* What to do: Below is a listing with pictures. Repeat exactly the lines starting at the one holding "यदि आप साइन" and going on through the one holding "zur Signatur gebeten.", and leave every picture out.

* Source material:

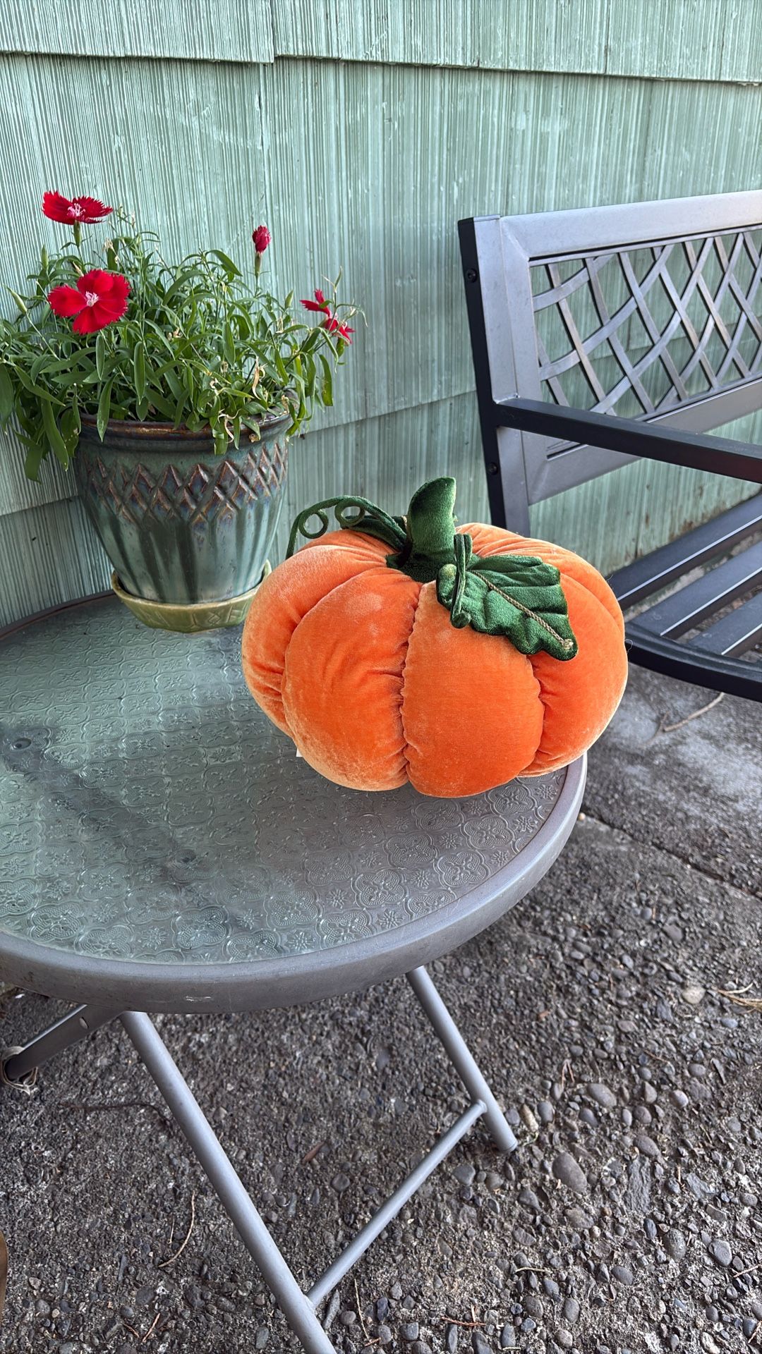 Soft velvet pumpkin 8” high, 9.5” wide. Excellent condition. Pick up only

---

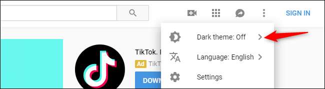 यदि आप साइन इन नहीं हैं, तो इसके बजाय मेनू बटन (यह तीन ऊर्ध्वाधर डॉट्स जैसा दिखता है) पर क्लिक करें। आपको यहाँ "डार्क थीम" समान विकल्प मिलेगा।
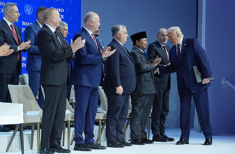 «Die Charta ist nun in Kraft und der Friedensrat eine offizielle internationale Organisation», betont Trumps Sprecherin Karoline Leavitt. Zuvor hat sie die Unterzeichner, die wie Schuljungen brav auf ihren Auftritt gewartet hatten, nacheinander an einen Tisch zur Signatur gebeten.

==

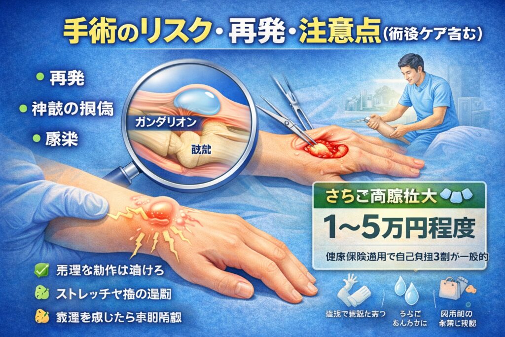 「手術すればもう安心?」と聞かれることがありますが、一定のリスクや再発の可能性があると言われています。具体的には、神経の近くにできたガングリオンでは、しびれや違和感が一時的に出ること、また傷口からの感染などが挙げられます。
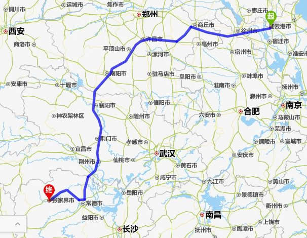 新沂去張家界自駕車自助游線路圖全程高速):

* Response for this exercise:
 यदि आप साइन इन नहीं हैं, तो इसके बजाय मेनू बटन (यह तीन ऊर्ध्वाधर डॉट्स जैसा दिखता है) पर क्लिक करें। आपको यहाँ "डार्क थीम" समान विकल्प मिलेगा।
 «Die Charta ist nun in Kraft und der Friedensrat eine offizielle internationale Organisation», betont Trumps Sprecherin Karoline Leavitt. Zuvor hat sie die Unterzeichner, die wie Schuljungen brav auf ihren Auftritt gewartet hatten, nacheinander an einen Tisch zur Signatur gebeten.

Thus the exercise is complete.